Part of this is the conceit, which is unlike anything else I’ve seen in a video game. Ambrosia Sky follows Dalia, a deep-space disaster specialist known as a Scarab. Scarabs are mystical field scientists whose job revolves around the dead. They’re not soldiers; a Scarab can’t save you. Their job is to catalogue a space, restore it, and say goodbye to the dead. They’re a loose-knit organization of scientists with one purpose: they seek death to understand what kills us, so they can prevent it. They believe that in understanding death among the stars, they can find the key to preventing cellular death and decay. The Ambrosia Project is their attempt at finding immortality. Dalia doesn’t believe in the spiritual side of being a Scarab (for many, it’s a religion, not just a job), but she’s good at it and enjoys the work.

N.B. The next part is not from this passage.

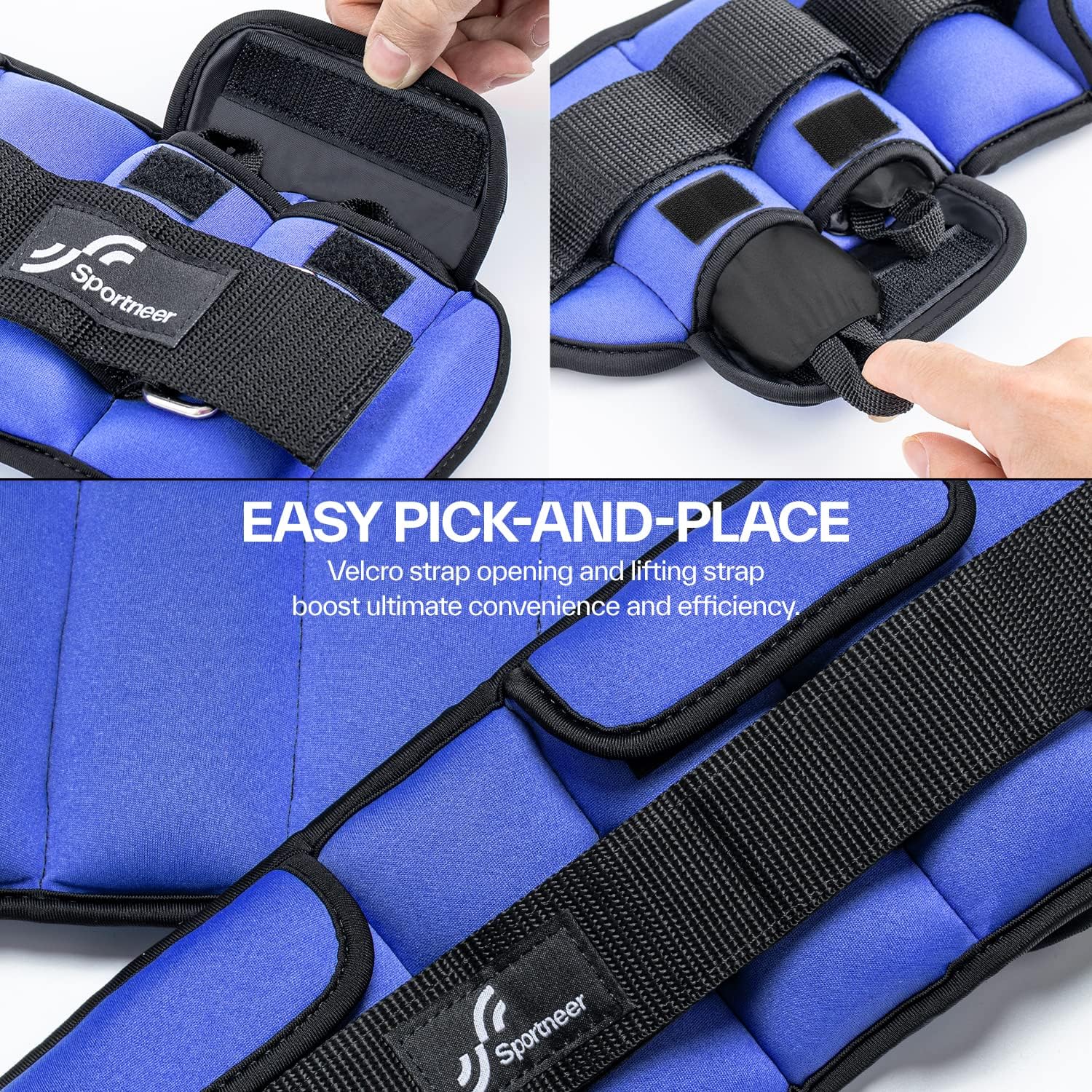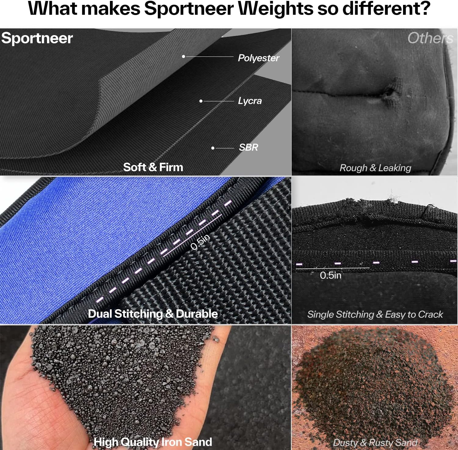 - 【Verbesserte, verstellbare Knöchelgewichte】: Die Sportneer Knöchelgewichte haben 4 + 1 Design – ein fester Sandsackschlitz und vier flexibel einstellbare Sandsackschlitze. Jeder winzige Sandsack wiegt 0,45 kg. Sie können Ihr Training Stück für

But at the same time, this isn’t just a scientific exercise for Dalia. Ambrosia Sky sends her to the Cluster, an agricultural colony on Saturn’s rings. Once paramount in humanity’s voyage of discovery and expansion among the stars, it’s now little more than a relic of a previous age, a crucial but forgotten fixture of an age long past. Time has literally passed it by. But it’s where Dalia grew up and escaped from in her own search for something more. And now she’s returning to investigate a crisis that killed almost everyone she knew. It’s hardly a happy homecoming, and it’s forcing her to come to terms with both her own choices and the relationships she left behind, as well as her guilt for surviving what killed most of the people she knew.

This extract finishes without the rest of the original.